[Work order]: Looking at the data below, count the lines that contain the string "eller". Write only the total.

Dataset entries below:

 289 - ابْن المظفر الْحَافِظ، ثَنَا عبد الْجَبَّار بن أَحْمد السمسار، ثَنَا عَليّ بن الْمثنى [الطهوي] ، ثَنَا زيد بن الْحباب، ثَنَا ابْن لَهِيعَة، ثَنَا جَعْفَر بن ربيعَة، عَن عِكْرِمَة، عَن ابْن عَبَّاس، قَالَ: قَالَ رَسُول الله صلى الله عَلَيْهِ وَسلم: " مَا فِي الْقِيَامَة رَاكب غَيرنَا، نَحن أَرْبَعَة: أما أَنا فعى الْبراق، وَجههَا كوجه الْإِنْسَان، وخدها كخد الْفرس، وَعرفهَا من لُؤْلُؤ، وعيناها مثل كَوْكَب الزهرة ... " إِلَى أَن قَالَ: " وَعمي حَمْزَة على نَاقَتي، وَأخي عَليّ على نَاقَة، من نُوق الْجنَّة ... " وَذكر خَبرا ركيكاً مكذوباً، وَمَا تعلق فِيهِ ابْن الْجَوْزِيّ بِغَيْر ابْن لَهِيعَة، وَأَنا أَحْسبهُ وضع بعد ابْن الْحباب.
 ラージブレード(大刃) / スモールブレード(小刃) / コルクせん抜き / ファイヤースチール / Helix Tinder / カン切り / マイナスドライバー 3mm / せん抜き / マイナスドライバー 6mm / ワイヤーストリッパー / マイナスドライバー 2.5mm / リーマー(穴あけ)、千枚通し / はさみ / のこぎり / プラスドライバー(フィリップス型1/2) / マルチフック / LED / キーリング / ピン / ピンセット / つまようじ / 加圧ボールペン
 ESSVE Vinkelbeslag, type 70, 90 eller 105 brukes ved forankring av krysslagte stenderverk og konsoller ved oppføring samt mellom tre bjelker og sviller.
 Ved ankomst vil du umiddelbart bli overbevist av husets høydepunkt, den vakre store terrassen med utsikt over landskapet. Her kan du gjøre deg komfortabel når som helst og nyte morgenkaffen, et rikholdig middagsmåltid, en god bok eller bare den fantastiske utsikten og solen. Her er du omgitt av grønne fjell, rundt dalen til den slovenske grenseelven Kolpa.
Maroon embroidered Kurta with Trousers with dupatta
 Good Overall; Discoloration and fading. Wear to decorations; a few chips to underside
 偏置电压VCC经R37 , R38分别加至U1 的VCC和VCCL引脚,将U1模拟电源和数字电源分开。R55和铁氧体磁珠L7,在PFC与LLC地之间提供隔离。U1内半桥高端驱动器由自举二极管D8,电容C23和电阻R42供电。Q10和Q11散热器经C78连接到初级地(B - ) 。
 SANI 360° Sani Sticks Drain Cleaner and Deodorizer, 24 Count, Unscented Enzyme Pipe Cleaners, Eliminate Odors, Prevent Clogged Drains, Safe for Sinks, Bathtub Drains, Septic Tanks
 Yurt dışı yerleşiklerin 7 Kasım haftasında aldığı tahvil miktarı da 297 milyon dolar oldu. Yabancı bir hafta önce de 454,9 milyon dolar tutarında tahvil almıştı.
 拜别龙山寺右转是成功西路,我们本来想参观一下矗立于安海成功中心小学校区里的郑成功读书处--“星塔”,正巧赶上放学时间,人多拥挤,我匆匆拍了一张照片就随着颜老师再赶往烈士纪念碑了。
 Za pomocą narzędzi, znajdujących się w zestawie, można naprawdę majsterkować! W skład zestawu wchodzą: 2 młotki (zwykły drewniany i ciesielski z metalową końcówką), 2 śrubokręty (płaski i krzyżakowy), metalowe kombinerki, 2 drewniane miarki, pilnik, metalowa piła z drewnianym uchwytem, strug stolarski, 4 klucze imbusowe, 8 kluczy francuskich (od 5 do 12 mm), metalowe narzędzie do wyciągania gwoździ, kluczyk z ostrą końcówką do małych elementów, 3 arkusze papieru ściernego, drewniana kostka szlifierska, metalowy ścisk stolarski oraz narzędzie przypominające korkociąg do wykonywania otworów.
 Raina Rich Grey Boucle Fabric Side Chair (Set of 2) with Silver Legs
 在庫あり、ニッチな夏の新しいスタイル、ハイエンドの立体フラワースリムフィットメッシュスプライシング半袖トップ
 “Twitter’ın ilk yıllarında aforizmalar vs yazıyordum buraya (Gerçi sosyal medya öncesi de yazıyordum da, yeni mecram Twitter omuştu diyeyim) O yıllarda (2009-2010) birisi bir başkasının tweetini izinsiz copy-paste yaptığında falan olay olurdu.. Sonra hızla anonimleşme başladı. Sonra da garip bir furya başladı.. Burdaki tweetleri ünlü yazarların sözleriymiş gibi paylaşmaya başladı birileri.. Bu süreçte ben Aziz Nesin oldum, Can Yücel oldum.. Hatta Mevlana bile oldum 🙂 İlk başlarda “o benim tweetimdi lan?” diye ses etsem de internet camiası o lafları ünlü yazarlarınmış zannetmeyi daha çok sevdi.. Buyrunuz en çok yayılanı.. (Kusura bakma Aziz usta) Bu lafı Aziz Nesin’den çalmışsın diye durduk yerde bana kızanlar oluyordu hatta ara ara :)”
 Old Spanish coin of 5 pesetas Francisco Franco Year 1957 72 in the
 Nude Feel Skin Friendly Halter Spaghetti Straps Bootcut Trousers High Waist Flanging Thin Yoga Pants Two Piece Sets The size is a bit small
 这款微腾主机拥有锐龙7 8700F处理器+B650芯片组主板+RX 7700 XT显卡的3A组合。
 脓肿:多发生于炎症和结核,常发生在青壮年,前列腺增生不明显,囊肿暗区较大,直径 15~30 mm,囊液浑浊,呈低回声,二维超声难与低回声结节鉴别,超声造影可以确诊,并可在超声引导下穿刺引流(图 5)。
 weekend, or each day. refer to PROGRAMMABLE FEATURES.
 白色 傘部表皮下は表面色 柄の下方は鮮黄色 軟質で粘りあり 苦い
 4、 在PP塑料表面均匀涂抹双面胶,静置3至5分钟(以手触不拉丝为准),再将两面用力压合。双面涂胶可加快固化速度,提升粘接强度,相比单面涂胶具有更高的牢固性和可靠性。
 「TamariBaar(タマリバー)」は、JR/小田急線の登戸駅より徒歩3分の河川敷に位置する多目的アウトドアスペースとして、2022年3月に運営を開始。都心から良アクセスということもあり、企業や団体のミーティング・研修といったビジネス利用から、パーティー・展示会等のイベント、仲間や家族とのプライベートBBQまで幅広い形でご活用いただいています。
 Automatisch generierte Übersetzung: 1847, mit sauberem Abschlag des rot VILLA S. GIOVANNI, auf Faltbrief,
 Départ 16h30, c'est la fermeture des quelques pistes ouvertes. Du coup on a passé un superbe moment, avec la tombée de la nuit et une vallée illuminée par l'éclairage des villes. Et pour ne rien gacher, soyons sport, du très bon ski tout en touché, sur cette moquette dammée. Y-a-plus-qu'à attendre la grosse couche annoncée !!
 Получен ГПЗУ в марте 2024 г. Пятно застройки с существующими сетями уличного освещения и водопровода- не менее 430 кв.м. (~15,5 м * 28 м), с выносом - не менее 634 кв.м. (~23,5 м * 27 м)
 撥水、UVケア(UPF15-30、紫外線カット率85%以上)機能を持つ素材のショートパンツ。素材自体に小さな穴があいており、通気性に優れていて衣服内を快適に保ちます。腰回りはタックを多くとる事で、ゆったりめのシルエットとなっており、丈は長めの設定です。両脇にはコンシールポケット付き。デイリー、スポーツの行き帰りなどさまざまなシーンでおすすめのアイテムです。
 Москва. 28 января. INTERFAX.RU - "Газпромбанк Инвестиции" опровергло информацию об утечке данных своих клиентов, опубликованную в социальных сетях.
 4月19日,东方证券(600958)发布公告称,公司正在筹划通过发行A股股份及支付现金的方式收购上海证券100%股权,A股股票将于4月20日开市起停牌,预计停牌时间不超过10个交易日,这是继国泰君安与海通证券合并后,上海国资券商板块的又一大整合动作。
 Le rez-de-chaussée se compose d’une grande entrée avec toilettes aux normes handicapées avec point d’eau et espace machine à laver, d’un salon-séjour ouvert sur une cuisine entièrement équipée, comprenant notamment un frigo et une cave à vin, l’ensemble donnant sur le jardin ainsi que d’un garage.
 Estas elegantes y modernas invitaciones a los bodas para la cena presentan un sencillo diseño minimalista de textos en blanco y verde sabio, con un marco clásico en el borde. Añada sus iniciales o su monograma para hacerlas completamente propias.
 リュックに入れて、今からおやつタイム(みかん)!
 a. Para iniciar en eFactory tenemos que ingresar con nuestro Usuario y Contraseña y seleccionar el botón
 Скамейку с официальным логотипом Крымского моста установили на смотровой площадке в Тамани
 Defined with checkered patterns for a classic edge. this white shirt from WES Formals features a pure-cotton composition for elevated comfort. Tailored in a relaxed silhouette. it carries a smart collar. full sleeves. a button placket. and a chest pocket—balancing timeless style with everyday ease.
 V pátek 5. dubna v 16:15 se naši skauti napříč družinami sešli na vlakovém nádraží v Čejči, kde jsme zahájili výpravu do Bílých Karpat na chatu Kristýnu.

End of Dataset entries.

[Your solution]: 2